If you find them send one my way


----------



## wildboy860

yeah send them my way too! all I ask is for a girl who can spin fire, play some drums and fix my clothes.  and is willing to travel and put up with my crazy ass.


----------



## 614 crust

wildboy860 said:


> yeah send them my way too! all I ask is for a girl who can spin fire, play some drums and fix my clothes.  and is willing to travel and put up with my crazy ass.


 You might be asking for a bit much there. HAHAHAHA


----------



## Amish

wait ...theres such a thing @[email protected] only ones ive ever met are crazy as hell...id prefer to be able to make sense of what the girl is actualy saying then trying to translate wingnut and get a head ache


----------



## 614 crust

hahaha


----------



## BrittanyTheBananarchist

of course theres such a thing! i know i demand respect! hahabut w.e i supose theirs cool girls out there. hard to find i know! but they r out there!!! haha good luck !


----------



## vandalette

I think all the cool ones are already taken.
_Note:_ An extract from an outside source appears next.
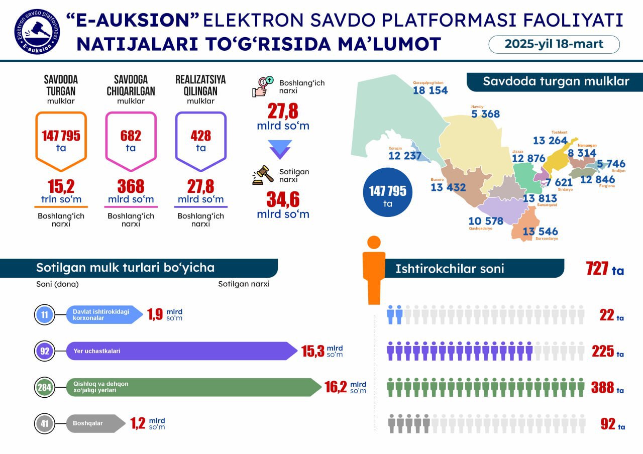 18-mart sanasida o'tkazilgan onlayn savdolar natijasi

I like to think of myself as a cool chick, a little crazy but if ur sane then your normal and who the fuck wants to be normal! I've also met a couple girls on the road who were pretty awesome, never stayed with them long enough to find out if they were crazy or not tho lol Haven't met too many good looking ones tho lol


----------



## Amish

true but im not talking just a lil crazy thats oki i can deal with that, im talking aboutu the ones who are like perma fried talking about how the bagel is just a metaphor for world that has yet to be filled with cream cheese and toasted dont get me wrong i think if you really belive such nonsense then go for it....but i would have to inform you that i ate said bagel this morning for breakfast and that it was delicious


----------



## coldsteelrail

*seems to be a trend: what trend?*

AHahahahhahaha. Ok wait a minute. I want to look around and ask what is the trend this post is about? Is it about the alarming number of crazy, butt ugly, masochistic traveler women in this world begging to get laid, while all these incredibly handsome, talented, smart, and totally sane traveling men must search in vain for a beautiful mythical woman, who how dare she, probably wouldn't 'travel' anyway?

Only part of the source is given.